▶ Your objective:
Once you reach the line containing "Encante sua decoração" in the data below, restate each line word for word up to and including the one containing "パック メイク プレ化粧水など".

▶ The data:
:::::

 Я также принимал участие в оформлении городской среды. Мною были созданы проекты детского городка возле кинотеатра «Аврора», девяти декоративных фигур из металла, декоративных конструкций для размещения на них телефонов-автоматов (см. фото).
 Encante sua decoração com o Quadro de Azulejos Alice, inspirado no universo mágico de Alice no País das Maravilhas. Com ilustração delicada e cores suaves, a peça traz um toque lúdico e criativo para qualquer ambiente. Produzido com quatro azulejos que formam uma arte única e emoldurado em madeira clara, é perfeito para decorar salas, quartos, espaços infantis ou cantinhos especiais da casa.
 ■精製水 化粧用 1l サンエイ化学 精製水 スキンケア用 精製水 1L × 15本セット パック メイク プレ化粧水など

:::::

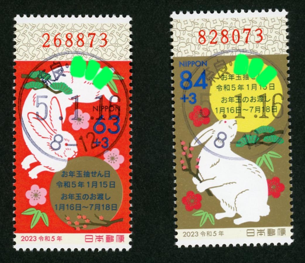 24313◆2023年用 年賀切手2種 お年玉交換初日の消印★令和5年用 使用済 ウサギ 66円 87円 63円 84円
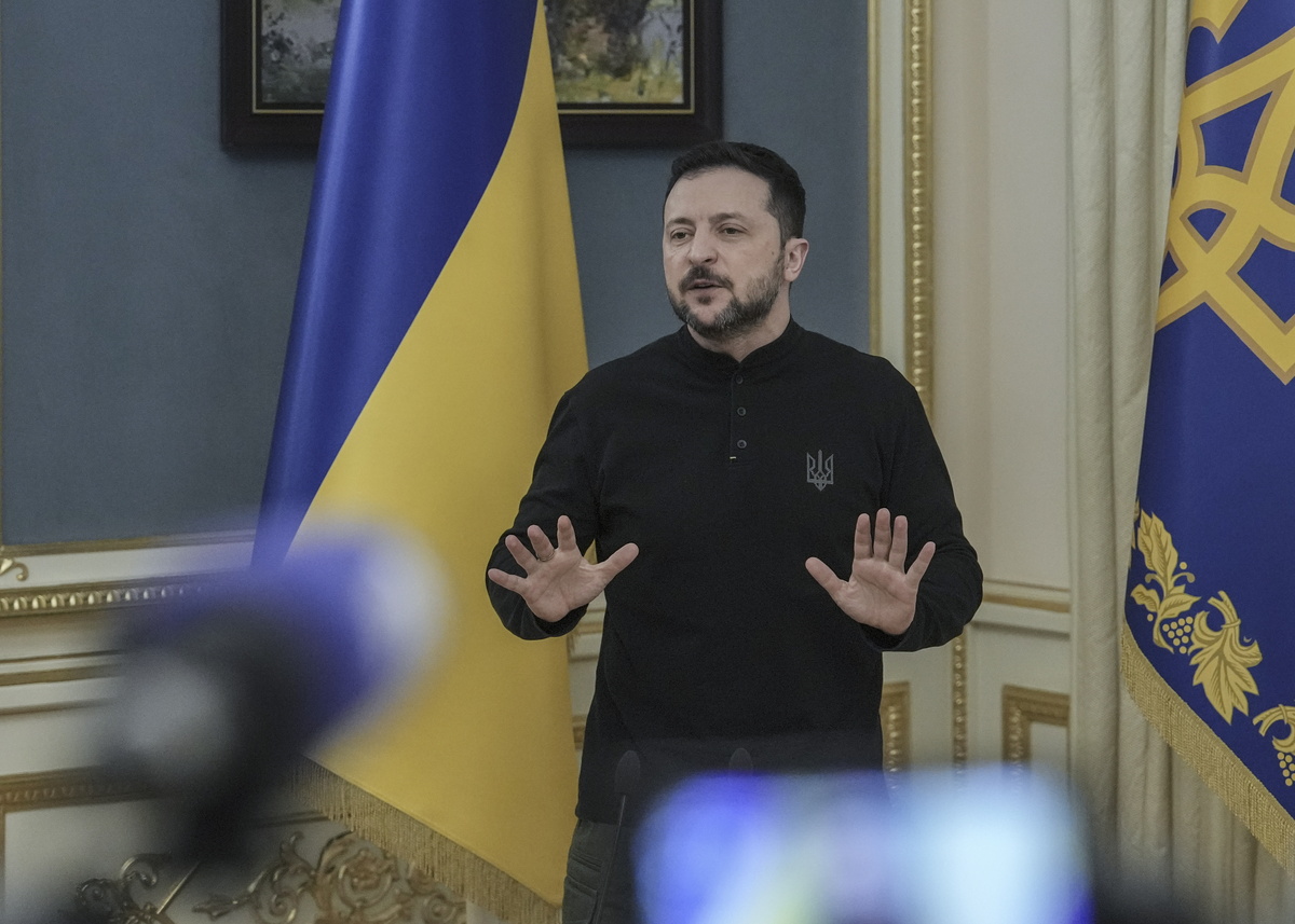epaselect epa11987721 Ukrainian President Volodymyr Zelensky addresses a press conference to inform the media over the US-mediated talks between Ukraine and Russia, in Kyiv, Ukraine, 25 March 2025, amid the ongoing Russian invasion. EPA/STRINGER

:::::

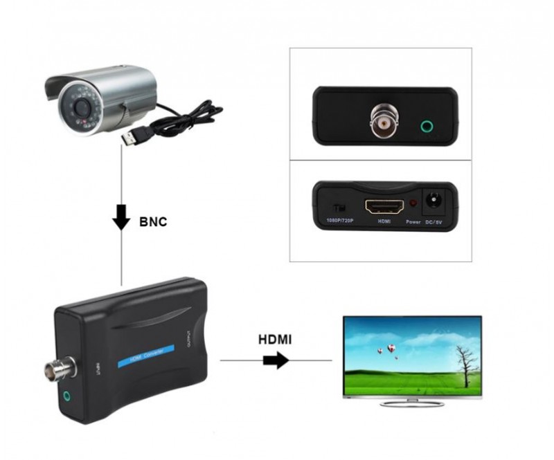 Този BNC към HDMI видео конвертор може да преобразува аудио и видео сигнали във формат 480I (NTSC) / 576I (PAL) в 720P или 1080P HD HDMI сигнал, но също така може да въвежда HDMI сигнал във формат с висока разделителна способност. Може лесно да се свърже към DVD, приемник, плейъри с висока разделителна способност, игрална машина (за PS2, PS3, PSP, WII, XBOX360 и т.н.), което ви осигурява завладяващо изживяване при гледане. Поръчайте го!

:::::

▶ Answer to the problem:
 Encante sua decoração com o Quadro de Azulejos Alice, inspirado no universo mágico de Alice no País das Maravilhas. Com ilustração delicada e cores suaves, a peça traz um toque lúdico e criativo para qualquer ambiente. Produzido com quatro azulejos que formam uma arte única e emoldurado em madeira clara, é perfeito para decorar salas, quartos, espaços infantis ou cantinhos especiais da casa.
 ■精製水 化粧用 1l サンエイ化学 精製水 スキンケア用 精製水 1L × 15本セット パック メイク プレ化粧水など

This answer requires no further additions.